* **EXERCISE**
Transcribe nothing except the lines below that run from the one with "旋開大門,迎向開闊的玄關領域" to the one with "下賽季皇馬的7號、9號、11", ends included, and do not copy any picture.

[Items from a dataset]
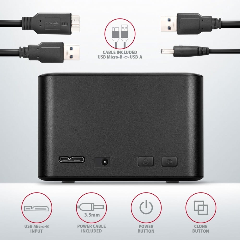 Akcesoria w zestawie: stacja dokująca SSD/HDD, kabel USB Micro-B USB-A o długości 60 cm, kabel zasilający 100 cm, podręcznik wielojęzyczny CZ / DE / DK / ENG / ESP / FIN / FR / GR / HR / HU / IT / NL / PL / PT / RO / RU / SK / SWE / TR / BG / CN / ARA, pakowane w pudełku kartonowym.
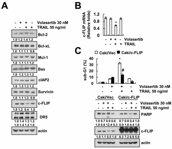 The downregulation of c-FLIP is associated with the induction of combined treatment-induced apoptosis. (A,B) Caki cells were treated with 50 ng/mL TRAIL in the presence or absence of 30 nM volasertib for 24 h. The protein expression levels of Bcl-2, Bcl-xL, Mcl-1, Bax, cIAP2, survivin, c-FLIP, DR5, and actin were determined via Western blotting (A). The mRNA expression levels of c-FLIP and actin were determined by qPCR (B). (C) Cells (Caki/Vec and Caki/c-FLIP) were treated with 50 ng/mL TRAIL in the presence or absence of 30 nM volasertib for 24 h. The sub-G1 fraction was detected via flow cytometry. The protein expression levels of PARP, c-FLIP, and actin were determined via Western blotting. The values in graphs (B,C) represent the mean ± SD from three independent samples. * p < 0.01 compared to the control. # p < 0.01 compared to volasertib plus TRAIL-treated Caki/Vec.
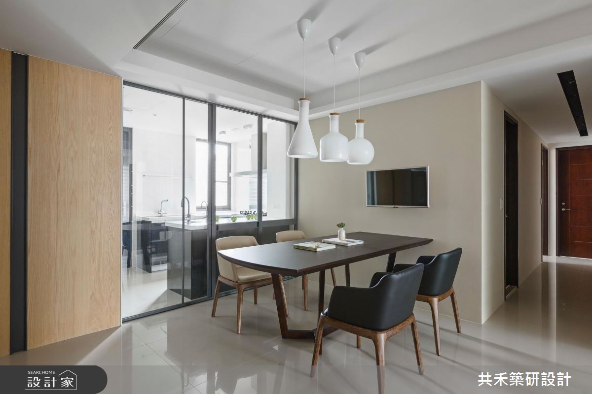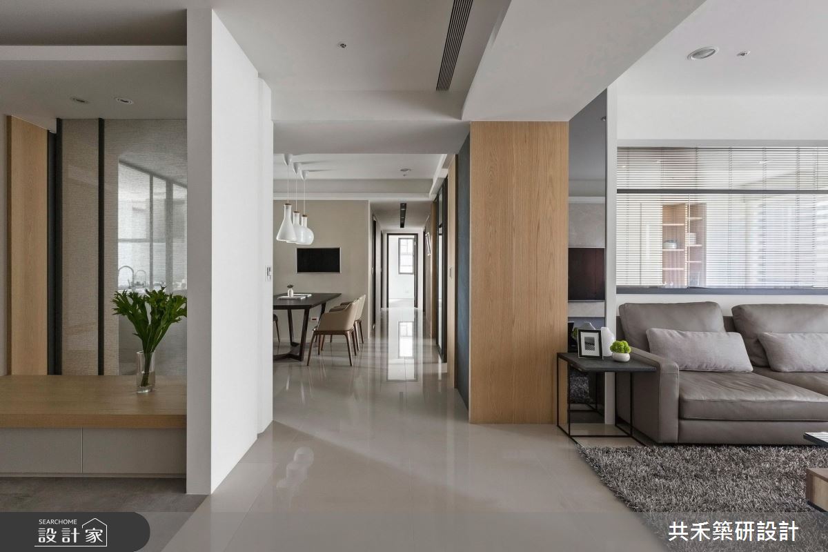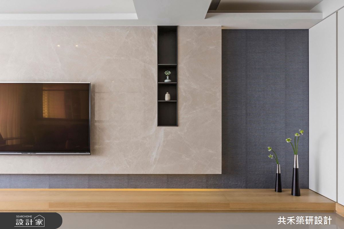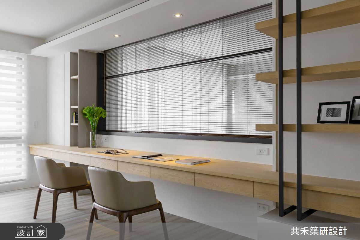 旋開大門,迎向開闊的玄關領域,輕漾著奶油色調的收納櫃體,搭配淡雅木紋的平台,伴隨綠意植栽的點綴,調和出清爽、有溫度的居家氛圍;大理石鋪陳整體公領域地坪,戶外暖陽穿透網紗窗簾,篩落滿室唯美光暈,替現代風格調出家的暖心基調;丹寧色調的壁面,疊上米色系的大理石牆,展現漸層、充滿張力的電視牆,由右側以黑色層板框構出開放展示區,植入人文設計的巧思;以中央大樑為界,劃分出客廳、書房與餐廚領域,沙發後方透過玻璃隔間,創造閱讀區;餐廚空間也以玻璃推門界定,穿透的視覺特性讓室內更顯開闊,形塑流動感氣息;書房空間裡,藉由落地窗引入充沛光源,木作層板與鐵件交織出展示區,後方壁面則打造整面書牆,虛實相間的櫃體設計,創造出豐富的空間表情。
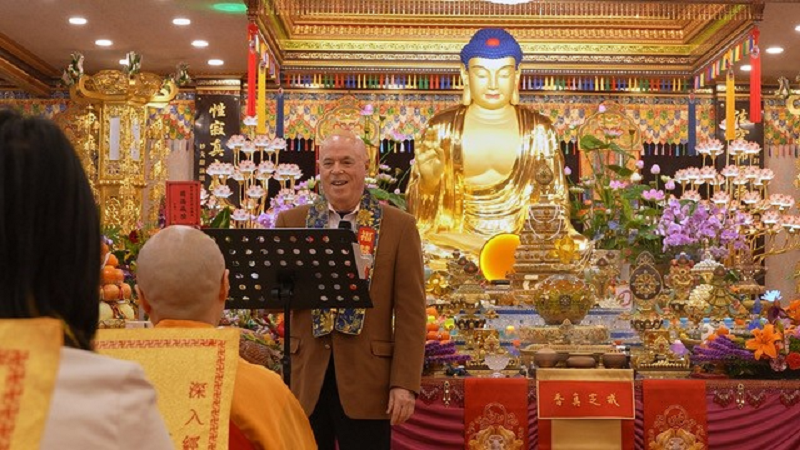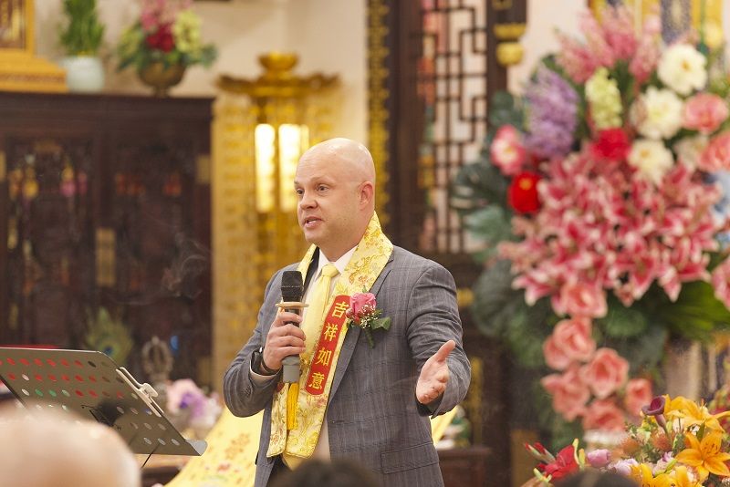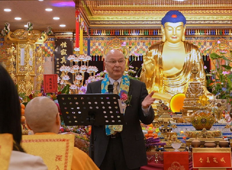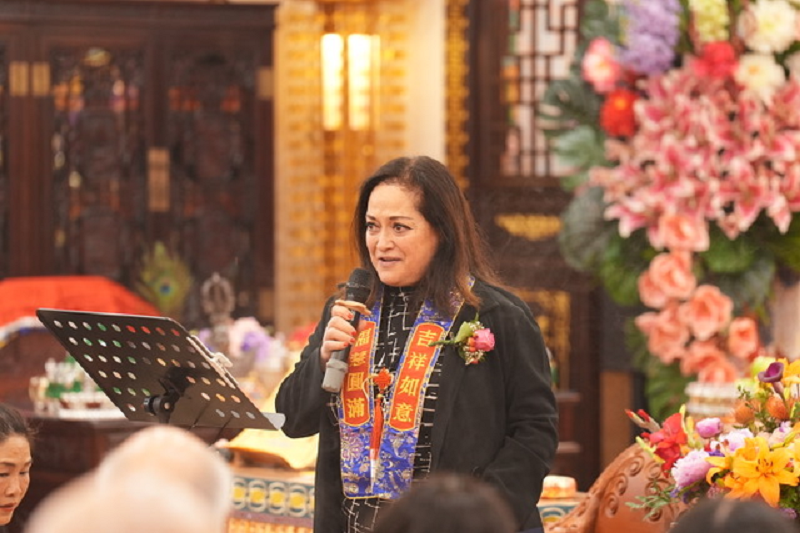 內華達州副州長Stavros S.Anthony致詞時表示:非常榮幸參加慈善寺開光慶典,肯定慈善寺為融合社區不同宗教及族群所作的努力並致贈賀狀。拉斯維加斯大都會警察局代表Ryan Rafferty,和拉斯維加斯市議員Olivia Diaz的代表Anastacia Del Real也分別上臺致詞恭賀慈善寺落成。拉斯維加斯市議員Victoria Seaman的代表Christina Tehahe和內華達州國會眾議員Dina Titus的代表Gipsy Martinez也上臺致詞恭賀慈善寺開光並致贈賀狀。內華達州國會眾議員Susie Lee的代表Alberta Obodai轉達了Susie Lee的祝福,並告知來賓國會眾議員Susie Lee因身在華盛頓無法參加慶典,日後一定會親自至寺廟拜訪恭賀落成。佛教刊物資深編輯James Debate上臺致詞時分享其學佛的心得,並肯定釋證達教尊的深遠願景以及為建設慈善寺而付出的一系列努力。慈善寺護法功德會Alain Uboldi會長致詞感謝各級政府官員們特別抽空前來參加慶祝慈善寺的開光慶典,分享慈善寺的建立得益於南無第三世****和釋證達教尊的遠見,也分享他學習佛陀正法三年多,親眼看到了所有的參與者、佛弟子們,包括他自己學習如何發慈悲心不斷地利益社會上的其他人。釋證達教尊在致詞中對社會各界人士出席慈善寺的開光法會深表感謝,並呼籲大眾虔誠恭聞南無第三世****的法音,真正修行學佛,菩提利生。
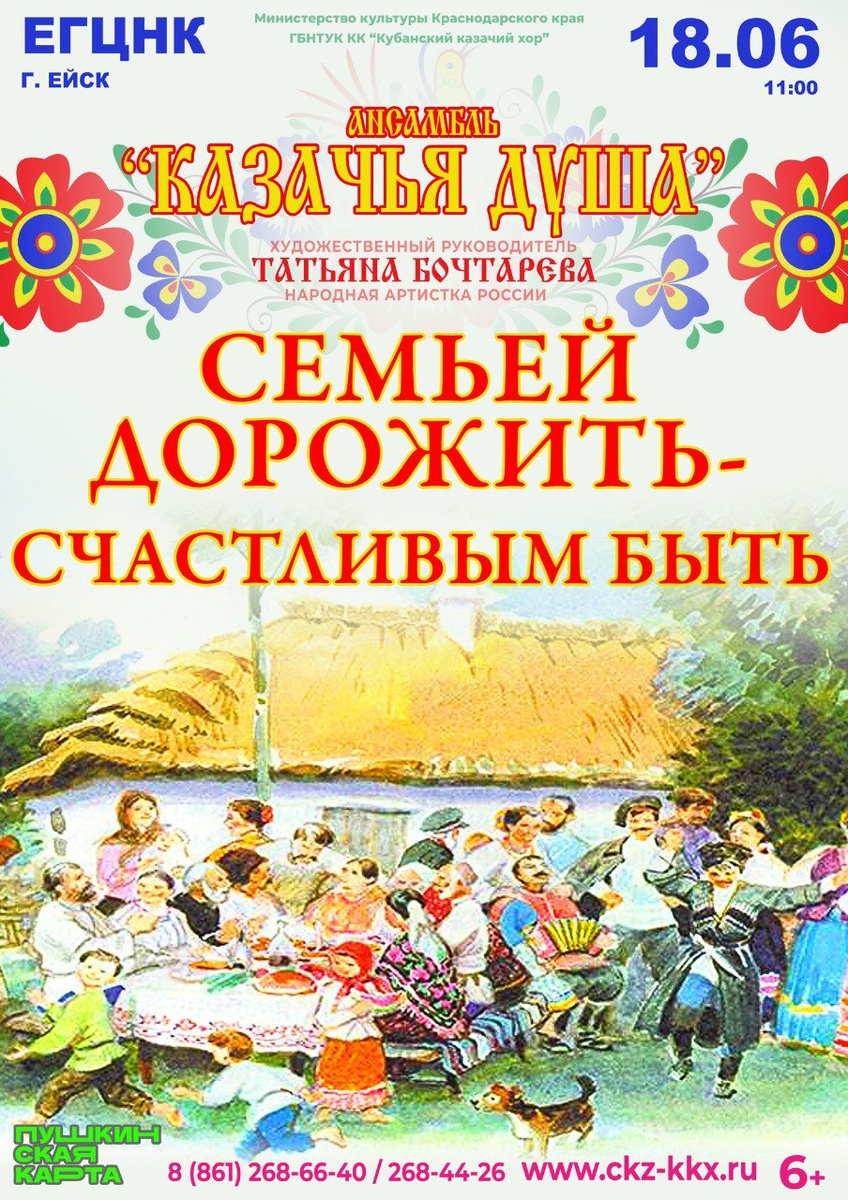 18 июня в 11:00 «Семьей дорожить — счастливым быть», концертная программа ансамбля «Казачья душа»
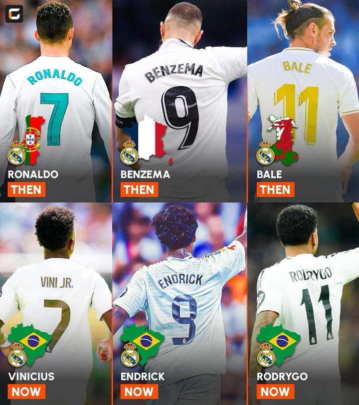 下賽季皇馬的7號、9號、11號均屬于巴西球員,維尼修斯身披7號,恩德里克身披9號,羅德里戈身披11號。
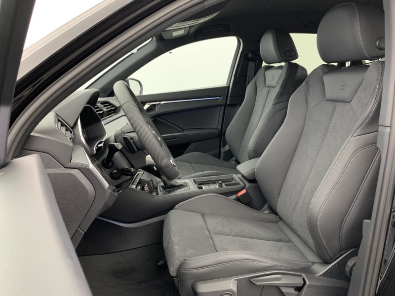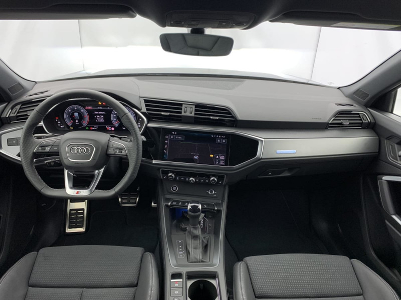 Interface Bluetooth / Pack Aluminium Intérieur / Audi Hold Assist / Appui lombaire à 4 axes pour les sièges AV: réglages électrique, horizontal et vertical / Applications décoratives en aluminium mat Brossé Foncé / Audi Smartphone Interface / Audi Connect Navigation et Divertissement Plus / Détecteur de pluie et de luminosité / Volant cuir Sport multifonctions Plus 3 branches avec méplat et palettes de commande au volant / Vitrage Privacy : lunette AR, vitres de portières AR et vitres latérales AR surteintées / Audi Drive Select / Clé confort incluant déverrouillage du coffre par capteur (sans Safelock) / Rétroviseur intérieur jour/nuit automatique sans encadrement / Sièges AV réglables manuellement: Hauteur et positionnement en longueur, Inclinaison de dossier, Hauteur des appuie-tête et des ceintures / Fixation pour sièges enfants ISOFIX et Top Tether pour les sièges extérieurs AR / Kit réparation / Outillage de bord / Banquette AR avec porte-gobelet dans l'accoudoir de la place centrale / Audi Connect sécurité et assistance en ligne / Hayon de coffre à ouverture et fermeture électrique / Interface USB pour chargement d'appareils externes / Audi Virtual cockpit plus / Accoudoir central coulissant en longueur, avec inclinaison réglable et vide-poches relevable / Assise et dossier de banquette AR, divisée, rabattable 40/20/40, Assise coulissante en longueur, Dossier avec inclinaison réglable / MMI Radio Plus avec MMI Touch / Pare-brise en verre acoustique avec verre feuilleté athermique / 2 prises USB AR (type-C) et prise 12V dans la console centrale AR / Avertisseur de franchissement de ligne et avertisseur de changement de voie / Câbles de recharge pour téléphone portable compatibles Apple et Android / Audi Pre Sense Basic Déploie automatiquement, lorsque nécessaire, des mesures préventives pour votre sécurité et celle de vos passagers, parmi lesquelles: Resserrement des ceintures de sécuritéà l'avant afin de limiter tout déplacement des passagers vers l'avant ou les côtés, Activation des feux de détresse clignotants / Détection de signalisation routière par caméra / Accoudoirs des contre-portes en matériaux synthétiques monopur 550 / Pack Eclairage d'ambiance plus En plus du Pack éclairage d'ambiance: - Choix parmi 30 couleurs - Inscription éclairée sur le tableau de bord passager AV (anneaux Audi sur traction ou quattro) : Eclairage dans la zone des pieds AV/AR Eclairage du porte-boissons AV Eclairage du compartiment de rangement sous le tableau de bord Choix parmi 30 couleurs Eclairage des seuils de portières AV Eclairage d'ambiance latéral de la console centrale AV Miroirs de courtoisie éclairés pour conducteur et passager AV Inscription éclairée sur le tableau de bord passager AV (anneaux Audi) / Pack S line extérieur - Pare-chocs S line, enjoliveurs de passage de roue et extensions de bas de caisse en peinture contrastée - Calandre en noir titane, lames intérieures grises - Lamelles en argent aluminium mat - Encadrement des entrées d'air latérales à l'AV en gris platine mat - Becquet AV en peinture intégrale (couleur de la carrosserie) avec lame gris platine mat - Diffuseur en noir titane mat et grille de diffuseur noir mat grenue - Barrette du diffuseur : noir titane mat : Diffuseur en Noir Titane mat Pare-chocs S line dans une peinture contrastée (Gris Manhattan) Lamelles en Argent Aluminium mat Encadrement des prises d'air latérales AV en Gris Platine mat Becquet AV en peinture intégrale (couleur de la carrosserie) avec lame Gris Platine mat Grille de diffuseur Noir mat grenue Châssis Sport Emblème S line sur les ailes extérieures Barrette du diffuseur noir titane mat Calandre en noir titane, lames intérieures grises Moulures de seuil avec insert en aluminium à l'AV, éclairées, avec inscription S Protection du seuil de chargement en acier inoxydable Enjoliveurs de passage de roue et extensions de bas de caisse en peinture contrastée / Pack S line intérieur : Pédalier et repose-pieds en acier inoxydable Sièges AV sport Frein à main avec surpiqûres contrastées, couleur assortie à celle de l'habitacle Estampillage S line sur le dossier des sièges AV / Pack Esthétique Noir plus - Entourage des vitres latérales avec des baguettes enjoliveuses noir - Calandre Singleframe noire - Pare-chocs AV et AR noirs - Les lames intérieurs de la calandre Singleframe nid d'abeille deviennent noires - Anneaux Audi et monogrammes en Noir brillant : Pare-chocs AV/AR Noirs Entourage des vitres latérales avec des baguettes enjoliveuses Noir Calandre Singleframe Noire Lames intérieurs de la calandre Singleframe nid d'abeille noires au lieu de grises Anneaux Audi et monogrammes en Noir Brillant / Ciel de pavillon en tissu Noir /

* **OUTPUT FOR THIS EXERCISE**
 旋開大門,迎向開闊的玄關領域,輕漾著奶油色調的收納櫃體,搭配淡雅木紋的平台,伴隨綠意植栽的點綴,調和出清爽、有溫度的居家氛圍;大理石鋪陳整體公領域地坪,戶外暖陽穿透網紗窗簾,篩落滿室唯美光暈,替現代風格調出家的暖心基調;丹寧色調的壁面,疊上米色系的大理石牆,展現漸層、充滿張力的電視牆,由右側以黑色層板框構出開放展示區,植入人文設計的巧思;以中央大樑為界,劃分出客廳、書房與餐廚領域,沙發後方透過玻璃隔間,創造閱讀區;餐廚空間也以玻璃推門界定,穿透的視覺特性讓室內更顯開闊,形塑流動感氣息;書房空間裡,藉由落地窗引入充沛光源,木作層板與鐵件交織出展示區,後方壁面則打造整面書牆,虛實相間的櫃體設計,創造出豐富的空間表情。
 內華達州副州長Stavros S.Anthony致詞時表示:非常榮幸參加慈善寺開光慶典,肯定慈善寺為融合社區不同宗教及族群所作的努力並致贈賀狀。拉斯維加斯大都會警察局代表Ryan Rafferty,和拉斯維加斯市議員Olivia Diaz的代表Anastacia Del Real也分別上臺致詞恭賀慈善寺落成。拉斯維加斯市議員Victoria Seaman的代表Christina Tehahe和內華達州國會眾議員Dina Titus的代表Gipsy Martinez也上臺致詞恭賀慈善寺開光並致贈賀狀。內華達州國會眾議員Susie Lee的代表Alberta Obodai轉達了Susie Lee的祝福,並告知來賓國會眾議員Susie Lee因身在華盛頓無法參加慶典,日後一定會親自至寺廟拜訪恭賀落成。佛教刊物資深編輯James Debate上臺致詞時分享其學佛的心得,並肯定釋證達教尊的深遠願景以及為建設慈善寺而付出的一系列努力。慈善寺護法功德會Alain Uboldi會長致詞感謝各級政府官員們特別抽空前來參加慶祝慈善寺的開光慶典,分享慈善寺的建立得益於南無第三世****和釋證達教尊的遠見,也分享他學習佛陀正法三年多,親眼看到了所有的參與者、佛弟子們,包括他自己學習如何發慈悲心不斷地利益社會上的其他人。釋證達教尊在致詞中對社會各界人士出席慈善寺的開光法會深表感謝,並呼籲大眾虔誠恭聞南無第三世****的法音,真正修行學佛,菩提利生。
 18 июня в 11:00 «Семьей дорожить — счастливым быть», концертная программа ансамбля «Казачья душа»
 下賽季皇馬的7號、9號、11號均屬于巴西球員,維尼修斯身披7號,恩德里克身披9號,羅德里戈身披11號。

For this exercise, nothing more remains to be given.